SECURITIES AND EXCHANGE COMMISSION

Washington, D.C. 20549

 

FORM 8-K

 

CURRENT REPORT

 

Pursuant to Section 13 or 15(d) of the Securities Exchange Act of 1934

 

Date of Report (Date of earliest event reported) September 3, 2025

 

Unusual Machines, Inc.

(Exact name of registrant as specified in its charter)

 

Nevada   001-41961   66-0927642
(State or other jurisdiction   (Commission   (IRS Employer
of incorporation)   File Number)   Identification No.)

 

4677 L B McLeod Rd, Suite J    
Orlando, FL   32811
(Address of principal executive offices)   (Zip Code)

 

Registrant’s telephone number, including area code: (720) 323-8983

 

N/A

(Former name or former address, if changed since last report.)

 

Written communications pursuant to Rule 425 under the Securities Act (17 CFR 230.425)
   
Soliciting material pursuant to Rule 14a-12 under the Exchange Act (17 CFR 240.14a-12)
   
Pre-commencement communications pursuant to Rule 14d-2(b) under the Exchange Act (17 CFR 240.14d-2(b))
   
Pre-commencement communications pursuant to Rule 13e-4(c) under the Exchange Act (17 CFR 240.13e-4(c))

 

Securities registered pursuant to Section 12(b) of the Act:

 

Title of Each Class Trading Symbol(s) Name of Each Exchange on
Which Registered
Common Stock, $0.01 UMAC NYSE American

 

Indicate by check mark whether the registrant is an emerging growth company as defined in Rule 405 of the Securities Act of 1933 (§230.405 of this chapter) or Rule 12b-2 of the Securities Exchange Act of 1934 (§240.12b-2 of this chapter).

 

Emerging growth company

 

If an emerging growth company, indicate by check mark if the registrant has elected not to use the extended transition period for complying with any new or revised financial accounting standards provided pursuant to Section 13(a) of the Exchange Act.

 

 

 

   

 

 

Item 2.01 Completion of Acquisition or Disposition of Assets.

 

As of September 3, 2025 (“the Closing Date”), Unusual Machines, Inc. (the “Company”) acquired 100% of the capital stock of Rotor Lab Pty Ltd, an Australian company (“Rotor Lab”) from its existing shareholders Andrew Robert Simpson (“Simpson”) and Vella Hardjadinata Corporation Pty Ltd ACN 655 787 367 as a trustee for Vella Hardjadinata Family Trust (“VHC”), (collectively the “Sellers”) in exchange for 656,642 shares of the Company’s common stock, calculated in accordance with the terms of the Agreement (the “Initial Consideration”), plus Earnout Consideration (as defined in the Agreement) of up to $3,000,000 worth of shares of common stock.
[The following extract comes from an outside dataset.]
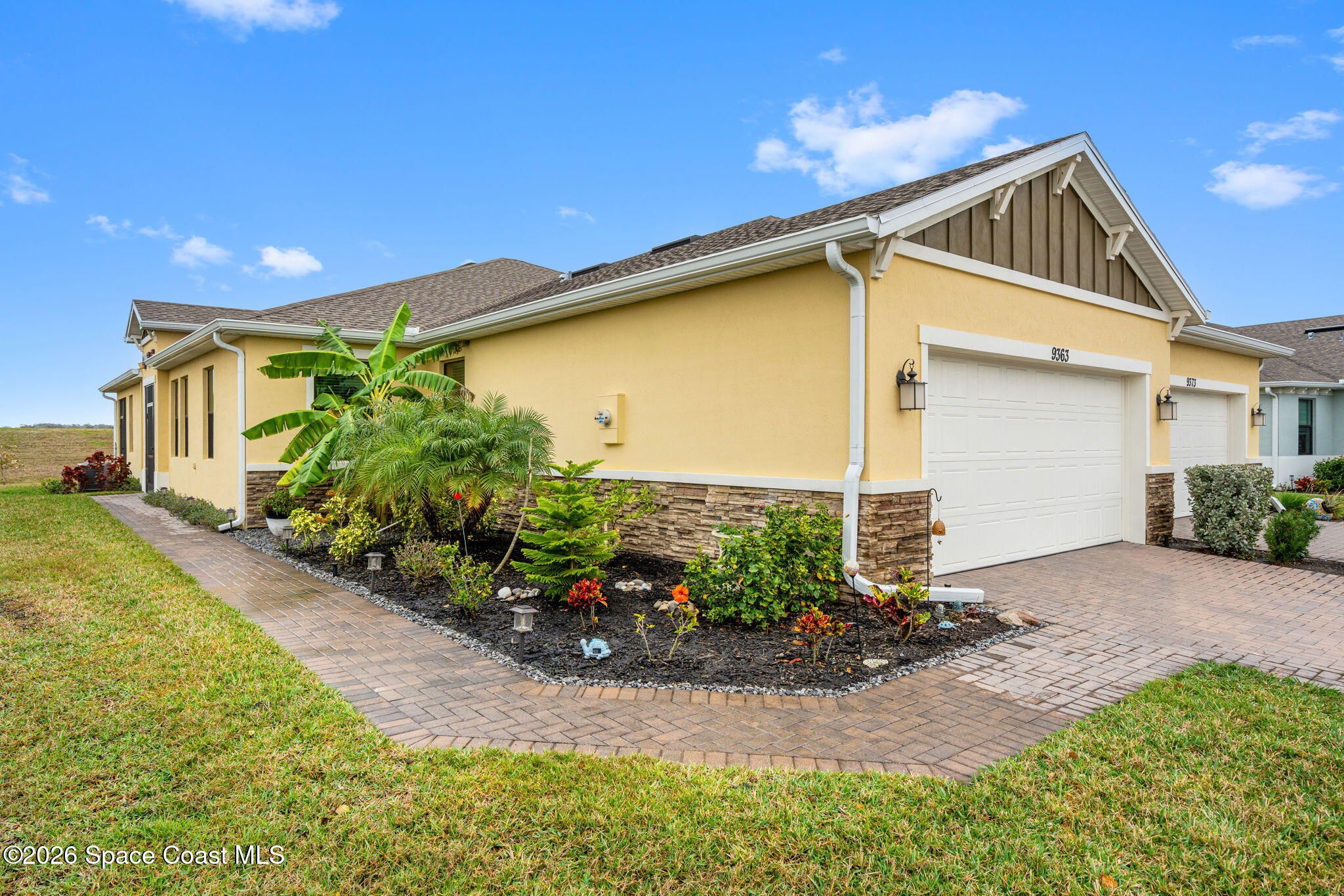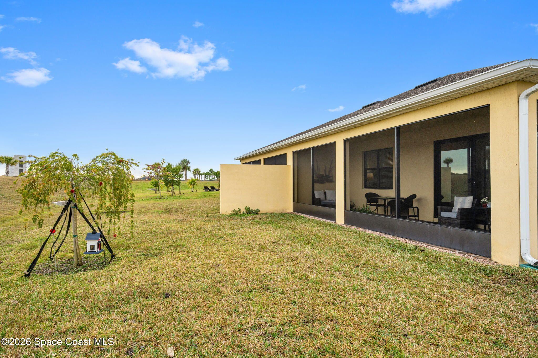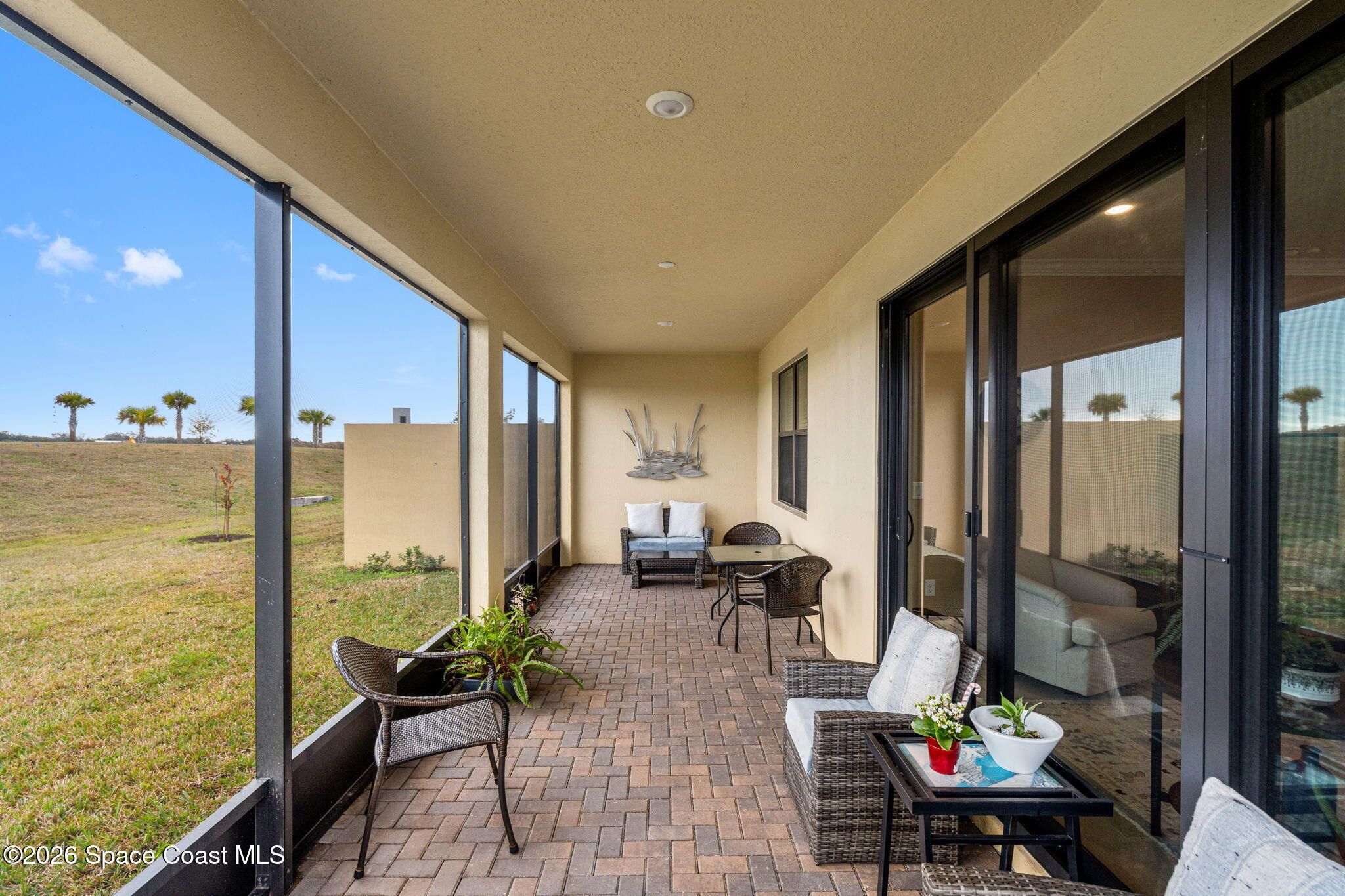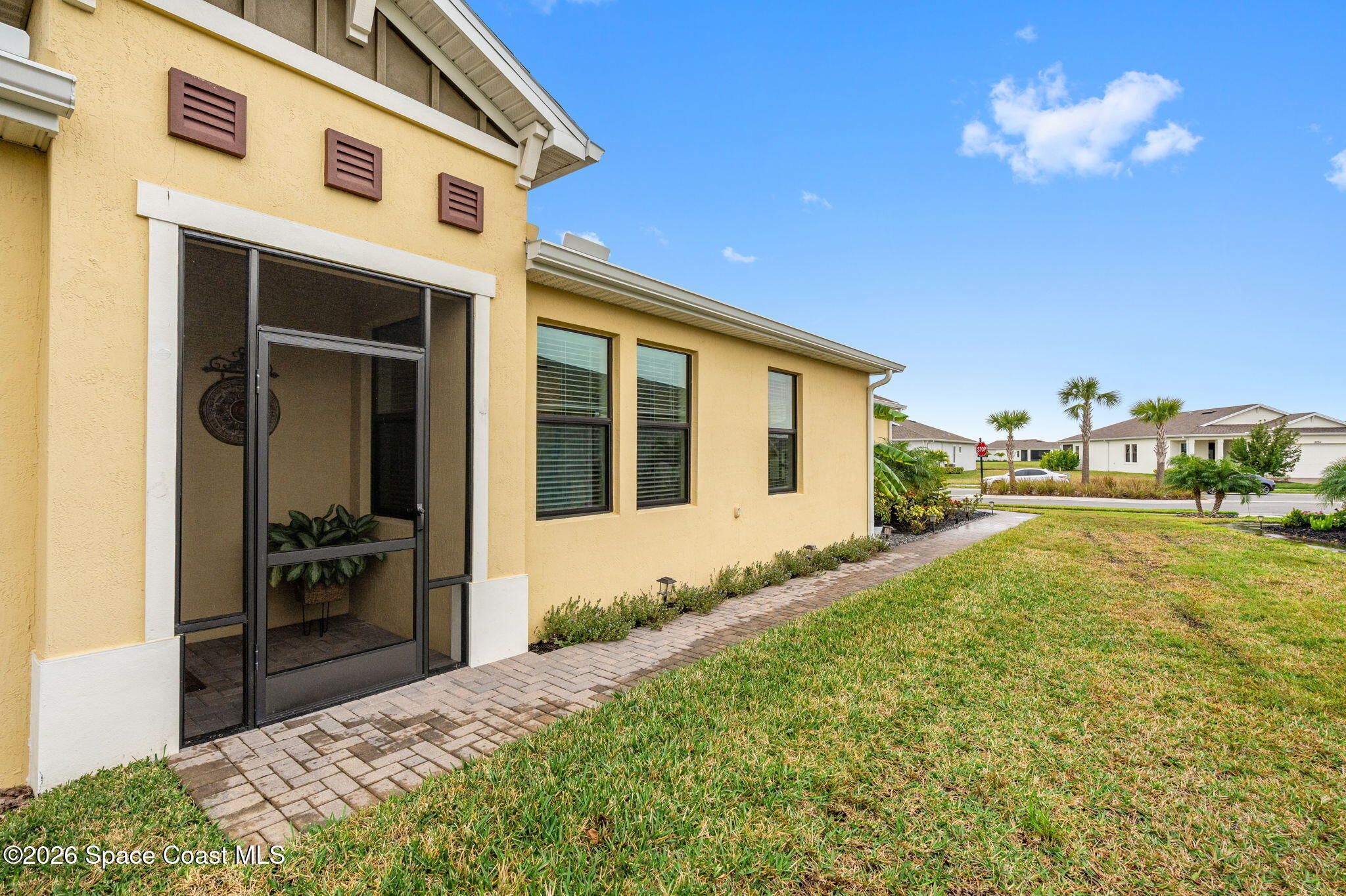 Welcome to Bridgewater of Viera, where low maintenance living meets modern coastal style. This beautifully designed 2 bedroom, 2 bath home with a dedicated office offers 1,557 square feet of open, updated space in one of Viera's most sought after 55 plus communities. Built in 2023 and finished with care, the home features walnut brown cabinets, a farmhouse sink, under cabinet lighting, crown molding, impact windows, and no carpet for easy living. The open layout feels bright and inviting, while the screened in back patio creates the perfect spot for morning coffee, evening breezes, or simply enjoying the Florida lifestyle. As a duplex, this home offers a more affordable way to enjoy Bridgewater without sacrificing comfort or quality. The washer and dryer are included, the HOA has recently been lowered, and lawn maintenance is covered so your weekends stay yours. From the resort style pool and clubhouse to tennis, pickleball, and nearby Viera shopping, everything you want is right outside your front door. A smart move today for a lifestyle you will love tomorrow.

The Company and Rotor Lab had previously entered into a Share purchase agreement dated June 12, 2025, as amended (the “Purchase Agreement”). The Purchase Agreement contained, among other terms, the terms and conditions required to consummate the acquisitions and contained customary representations and warranties.

 

On the Closing Date, the Company issued the Sellers the Initial Consideration. As agreed in the Purchase Agreement, for one year following the Closing Date, a total of 131,328 shares of the Initial Consideration for the Sellers will be subject to possible forfeiture in the event of a breach of representations and warranties and indemnification.

 

In accord with the Purchase Agreement, the Initial Consideration was issued to the Company’s effective shelf Registration Statement on Form S-3 (Registration Statement No. 333-286413) filed with the Securities and Exchange Commission (the “SEC”) and declared effective by the SEC on April 21, 2025, and a Prospectus Supplement filed with the SEC dated September 2, 2025.

 

Rotor Lab will continue as a wholly-owned subsidiary of the Company and will be used as an engineering hub for motor design and prototyping, complementing the Company’s U.S. manufacturing operations. The sellers have agreed to be bound by two-year non-compete periods following the Closing Date The foregoing description of the Agreement is a summary only and is qualified in its entirety by the full text of the Agreement, which is filed as Exhibit 10.1 and incorporated by reference herein.

 

 

Item 7.01 Regulation FD Disclosure

 

On September 4, 2025, the Company issued a press release announcing that it had consummated the acquisition described in Item 2.01 of this Current Report. The Company’s press release is filed as Exhibit 99.1.

 

The information in this Item 7.01 (including Exhibit 99.1) shall not be deemed “filed” for purposes of Section 18 of the Securities Exchange Act of 1934 (the “Exchange Act”) or otherwise subject to the liabilities under such section, and shall not be deemed to be incorporated by reference into any filing of the Company under the Securities Act of 1933 or the Exchange Act.

 

Item 9.01 Financial Statements and Exhibits.

 

(d) Exhibits

 

Exhibit No.   Exhibit
10.1   Rotor Lab Pty Ltd Share Purchase Agreement, dated June 12, 2025*
99.1   Press Release dated September 4, 2025, regarding the Company entering into the Share Purchase Agreement
104   Cover Page Interactive Data File (embedded within the Inline XBRL document)

 

 

*Previously filed an Exhibit 10.1 to the Company’s 8-K report, filed June 13, 2025 (File No. 333-270519).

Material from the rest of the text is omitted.